“Seeing large steel and cement structures completely demolished was just astonishing to me,” said Brandon Bond, administrative director of the Office of Emergency Management for Stanford Hospital and Clinics. “But you saw resiliency in the people.”
According to the United Nations Office for the Coordination of Humanitarian Affairs, about 14 million people, or about 14.5% of the country's population, were affected by the storm. The most recent count of deaths, as reported by the government in late November, was more than 6,000, with another nearly 28,000 people injured.
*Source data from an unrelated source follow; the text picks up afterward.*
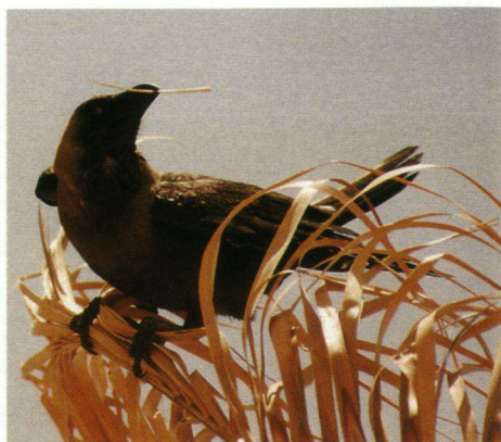
Een geïrriteerde Huiskraai maakt duidelijk wiens territorium dit is.

Eilat bezocht ik speciaal voor de Huiskraai ( Corvus splendens ). Dat leverde geen teleurstelling op. Integendeel, het dier leverde mij een schat aan nieuwe inzichten op. Ik had ondermeer verwacht dat de Huiskraai veel meer een groepsvogel was dan uiteindelijk bleek. In kleine stadsparken duldten paartjes een naburig stel in een paar palmen of tamariskens verderop, maar over het algemeen heeft ieder koppel z'n eigen ruim afgeperkte territorium. Alle delen van Eilat die ik bezocht, bleken zo te zijn verdeeld. In die afgebakende gebiedjes waren buitenstaanders niet gewenst. Als ik in de buurt van het nest of van inmiddels volgroeide jongen kwam, werd er door de ouders furieus gereageerd. Hevig krijsend probeerden ze me dan met duikvluchten uit hun gebiedje te verdrijven. Als dat niet snel genoeg ging, richtten ze hun agressie op de takken en bladeren, om die vervolgens met veel machtsvertoon af te breken of te verwijderen. In het uiterste geval schoten de burens te hulp. En dan staakte ik snel mijn observatie. Hun gezamenlijke kabaal viel dan op z'n zachtst gezegd een beetje op. Eén keer wilde ik per se volharden in mijn opdracht. Bij de kunstmatig aangelegde lagune in oostelijk Eilat vond ik een dode Huiskraai. Het gedrag dat mijn vondst vervolgens bij de Huiskraaien losmaakte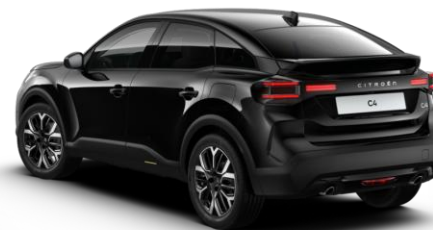
9VM0 – Crna Perla Nera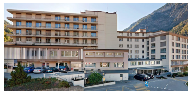
Agrandissement de l'aile Est en 1986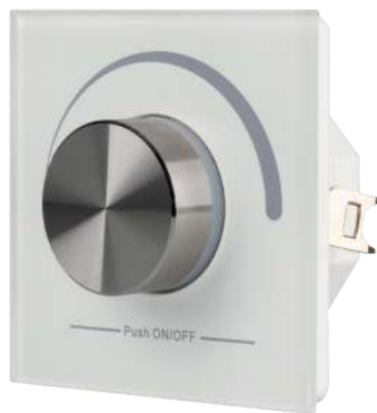
022516 Панель Rotary SR-2836N-B-RF-IN

Gabiola, Bond and eight other volunteers from the Stanford Emergency Medicine Program for Emergency Response (SEMPER) deployed to the Philippines on Nov. 22.
It isn't the first time Stanford has assembled a relief team following an international disaster. In 2010, SEMPER sent four emergency physicians and four nurses to Port-au-Prince, Haiti, five days after a devastating earthquake. “We sent different rotating groups every two weeks to a hospital there for about three months,” said Dr. Colin Bucks, associate director of SEMPER. “Afterward, we said, 'Hey, this is actually something we can do well. Let's start training folks and equipping them to go.' ”
Hauling an average of 160 pounds of equipment and pharmaceuticals per person, the most recent team of four doctors, three nurses, one nurse practitioner, a clinical social worker and an emergency medical technician arrived in Cebu City and then traveled to more remote and harder-hit areas to focus on primary-care services. Six went to an area 45 minutes south of Tacloban, while four went to the coastal town of Guiuan.
Bucks, a clinical assistant professor of surgery and an emergency physician, led the four-person team to Guiuan. “It was just wiped out,” Bucks said. “It probably took us four days to get in.”